Traditional Convolutional Neural Networks (CNNs) typically use the same activation function (usually ReLU) for all neurons with non-linear mapping operations. For example, the deep convolutional architecture Inception-v4 uses ReLU. To improve the classification performance of traditional CNNs, a new "Multi-function Convolutional Neural Network" (MCNN) is created by using different activation functions for different neurons. For $n$ neurons and $m$ different activation functions, there are a total of $m^n-m$ MCNNs and only $m$ traditional CNNs.

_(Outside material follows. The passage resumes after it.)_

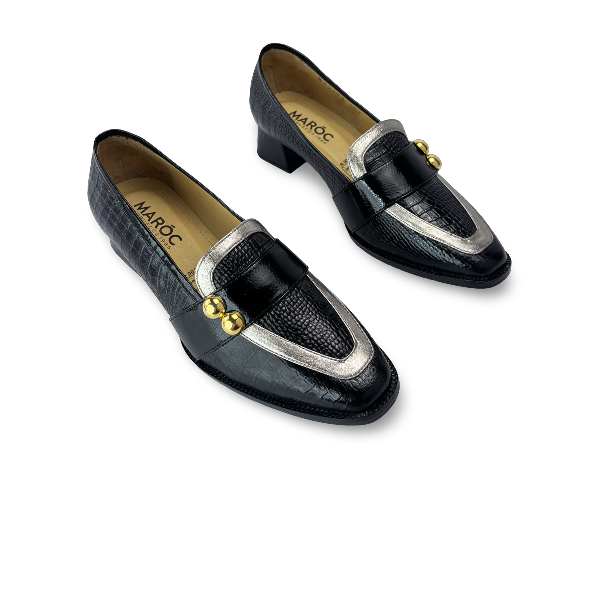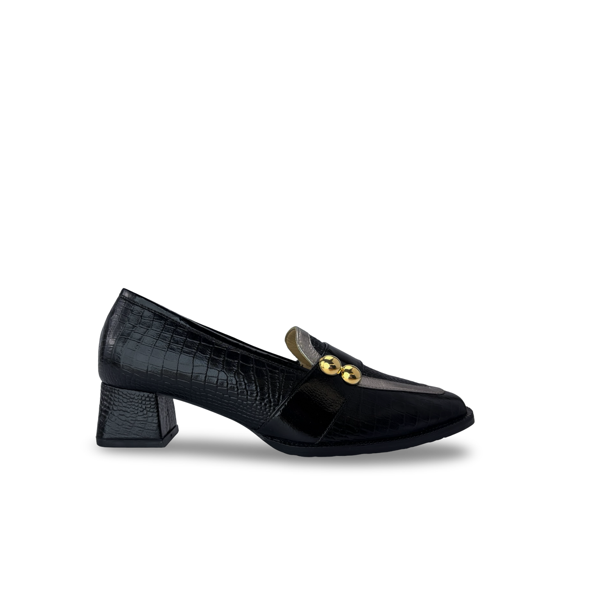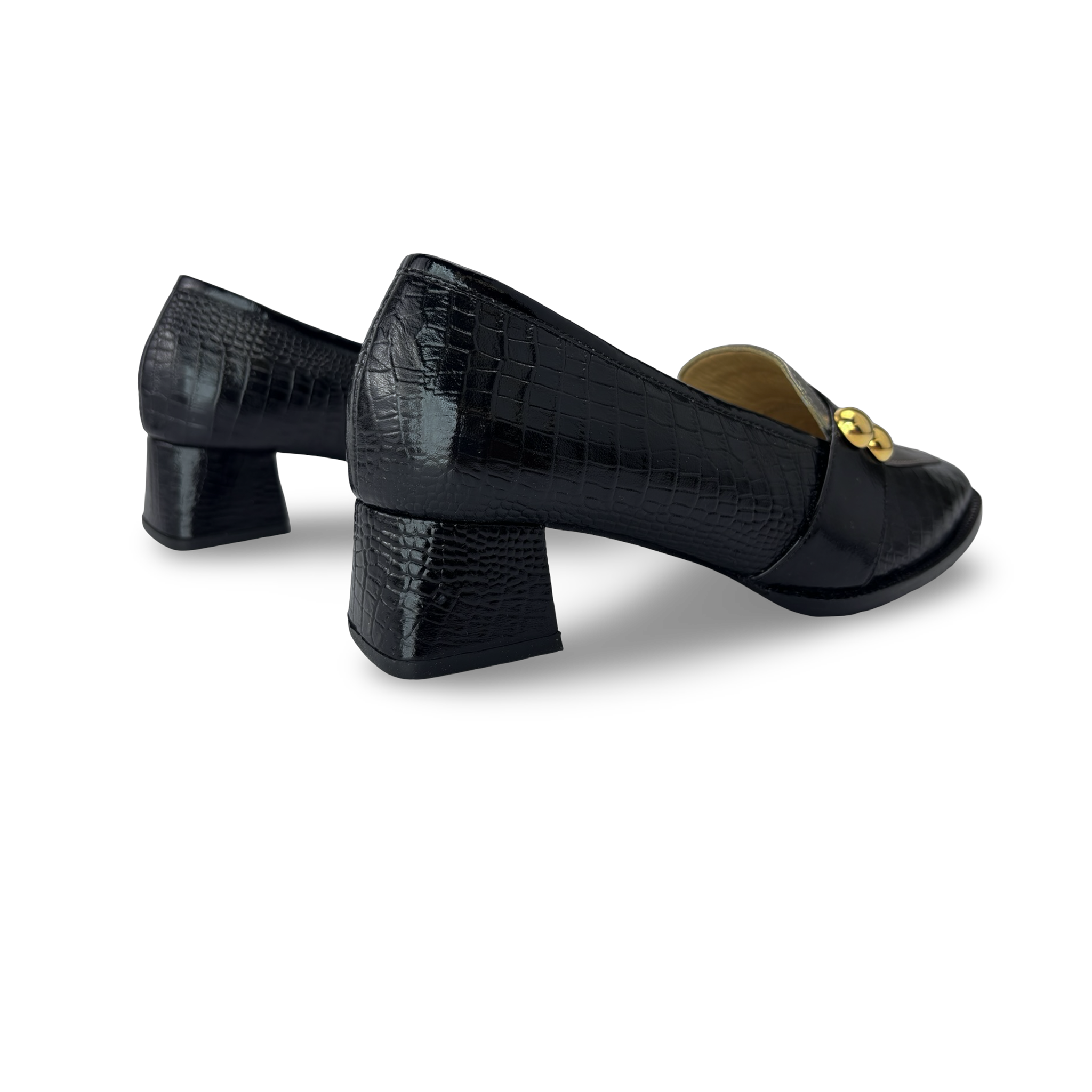 Tacón para mujer elegante y atemporal, diseñado para brindar comodidad sin perder estilo. Su tacón de 3.5 cm y punta cuadrada aportan un aire clásico con un toque contemporáneo, ideal para looks formales o casuales. Fabricado en cuero vacuno grabado y liso, destaca por su suavidad, durabilidad y acabado refinado.

Therefore, the best model is very likely to be chosen from MCNNs because there are $m^n-2m$ more MCNNs than traditional CNNs. For performance analysis, two different datasets for two applications (classifying handwritten digits from the MNIST database and classifying brain MRI images into one of the four stages of Alzheimer's disease (AD)) are used. For both applications, an activation function is randomly selected for each layer of a MCNN. For the AD diagnosis application, MCNNs using a newly created multi-function Inception-v4 architecture are constructed. Overall, simulations show that MCNNs can outperform traditional CNNs in terms of multi-class classification accuracy for both applications. An important future research work will be to efficiently select the best MCNN from $m^n-m$ candidate MCNNs. Current CNN software only provides users with partial functionality of MCNNs since different layers can use different activation functions but not individual neurons in the same layer. Thus, modifying current CNN software systems such as ResNets, DenseNets, and Dual Path Networks by using multiple activation functions and developing more effective and faster MCNN software systems and tools would be very useful to solve difficult practical image classification problems.